While the Heisman is not in their future, Sunday Football is!

Before the start of this football season, the Heisman prognosticators did the unthinkable; they mentioned two running backs from the State of Arizona as Heisman dark horse candidates.  Neither of the two will end up being a finalist for the 2013 Heisman.  Nonetheless, their stock is rising rapidly for their future Sunday football value, particularly following a successful Pac-12 Weekend.  On October 19, one ran for 236 yards against a team that had the week earlier knocked off a Top 5 ranked team and the other ran for 158 yards and scored three touchdowns against a Top 20 opponent.

Arizona Wildcat Ka’Deem Carey is near the top of everyone’s running back draft board.  Assuming he foregoes his senior year, Carey is projected to go by the second round and after his forty carry performance against Utah, he is gaining even more attention from NFL General Managers and Coaches.  Carey has remarkable open field running skills that more than make up for his less than blazing speed.  He is also a workhorse, seeming to increase in effectiveness as the game moves on.  If there are questions, they relate to his ability to hold onto the football and questions about character.  Carey was alleged to have been involved in a domestic violence incident, which was later dropped.  But with the financial investment a team must make with a high draft choice and Roger Goodell’s less than zero tolerance for behavior unbecoming the game, Carey could be his own worst enemy.

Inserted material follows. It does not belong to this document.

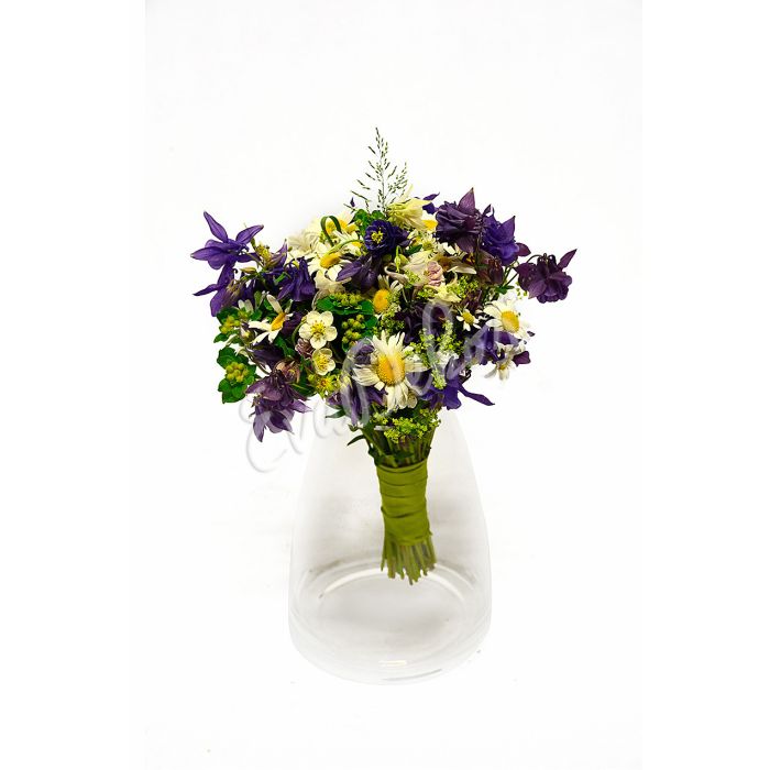 Kopretiny, orlíčky, alchemilla, květy jahody, zeleň.
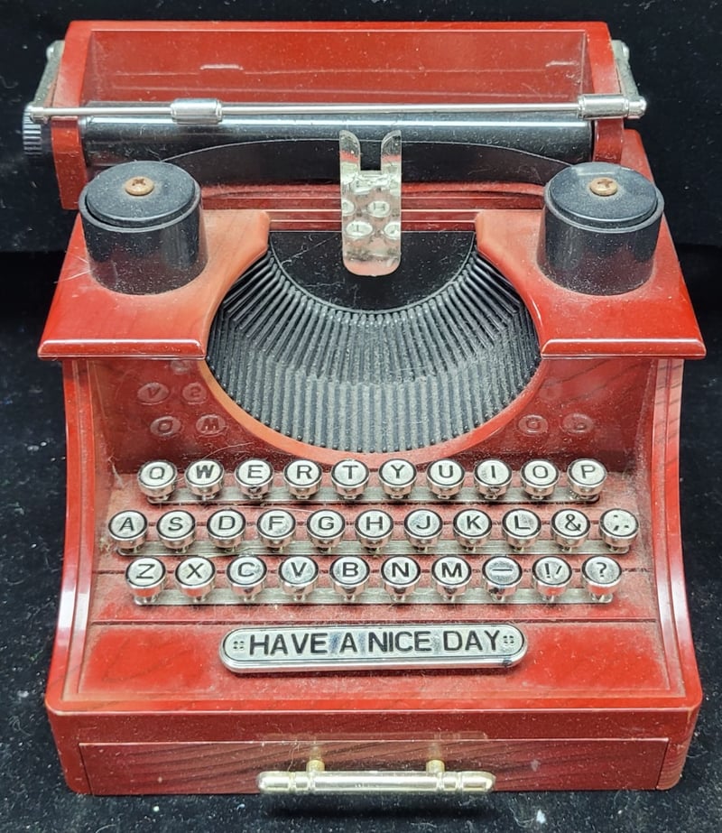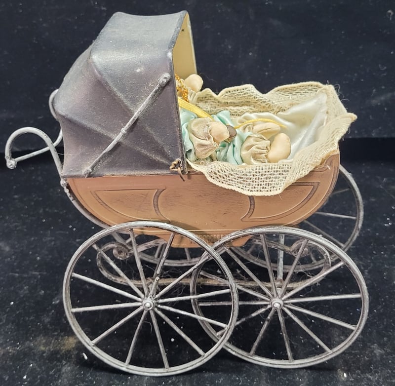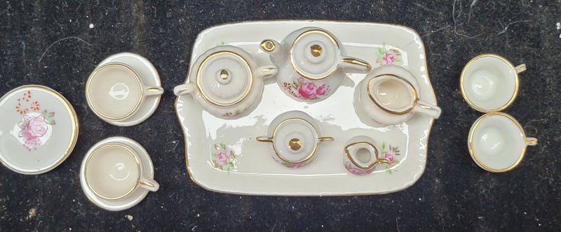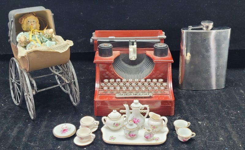 MINIATURE DOLL TEA SET, FLASK, TOY PRAM AND TYPEWRITER

ASU Sun Devil Marion Grice honed his running back skills on the JUCO level playing for Blinn College in Texas before coming to ASU last year.  He has not accumulated eye-popping yardage stats but he has demonstrated an uncanny ability to be a factor in both the run and passing game.  More importantly, he has a nose for the end zone, scoring 18 times after only seven games of the season, including four touchdowns against each Wisconsin and USC.  Some compare his skills to Matt Forte of the Bears, although Grice is a smaller version.  Also, Grice’s pass blocking ability is more comparable to a matador at a bull fight than an NFL caliber running back.  He better work on that if he hopes to have his name called as a projected third to fourth rounder in next year’s draft.

Despite their identified shortcomings,  I am a strong buyer of both Carey and Grice stock.  The NFL offensive game is evolving with the spread and up-tempo offenses. Guys like Darren Sproles, Ray Rice and even Danny Woodhead are having as much value as bruising backs such as Marshawn Lynch and Steven Jackson.

I think both Carey and Grice will have a featured role on Sundays starting next year, Heisman hopeful or not.